L’hebdomadaire économique Tôyô Keizai va jusqu’à affirmer que dans les vingt années à venir, un homme sur trois n’aura plus les moyens d’envisager le mariage…
A partir des statistiques de l’assureur Yasuda Seimei, le sociologue Yamada Masahiro montre en effet que 34,6 % des femmes attendent de leur futur conjoint des revenus annuels supérieurs à 4 millions de yens (34 300 euros) et 22,4 % attendent plus de six millions de yens, alors que seuls 19,4 % et 4 % des jeunes gens entrent dans ces deux catégories. La plupart d’entre eux disposent entre plus de deux millions (36,3 %) et moins de deux millions de yens (38,6 %). Fujita Takanori estime cependant que de plus en plus de femmes évaluent leur futur mari en fonction, sinon de ses talents culinaires, du moins à sa faculté à les seconder à la cuisine ou aux soins des enfants.
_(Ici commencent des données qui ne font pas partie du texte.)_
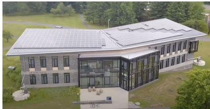
The R.W. Kern Center

Hampshire provides four 220-volt EV charging stations free to the community, powered partly by the college's solar fields. There's a time limit of three hours, and employees can work together to make sure that all vehicles are able to be charged daily as needed.

Aujourd’hui où un seul salaire ne suffit plus, il conteste vivement le terme “aider”, et propose celui de “partage égalitaire”. Il n’hésite pas non plus à dire que les hommes qui n’envisagent pas de mettre la main à la pâte feraient mieux de ne pas se marier… Un livre blanc du ministère de la Santé, de l’Emploi et de la Protection sociale, révélait qu’en 2014, les femmes assumaient encore 7 heures 41 par jour des travaux ménagers, contre 1 heure 7 pour leur conjoint. J’ai pu observer personnellement que les meilleurs couples que j’ai rencontrés ici sont des couples (souvent remariés) où le mari est particulièrement serviable et présent…
Si plus de la moitié des employés “non-réguliers” ou hiseiki koyôsha disent qu’ils n’ont pas les moyens de se marier, les chiffres montrent que 70 % des employés dits “réguliers”, c’est-à-dire en contrat à durée indéterminée, se sont mariés dans la trentaine. Les employés “non réguliers” ne sont que 25 % dans ce cas. Plus inquiétant encore, le fait que 53,3% des jeunes gens ayant la vingtaine n’ont jamais eu de petite amie (kôsai keiken nashi) et que ce chiffre reste de l’ordre de 38 % quand ils atteignent la trentaine.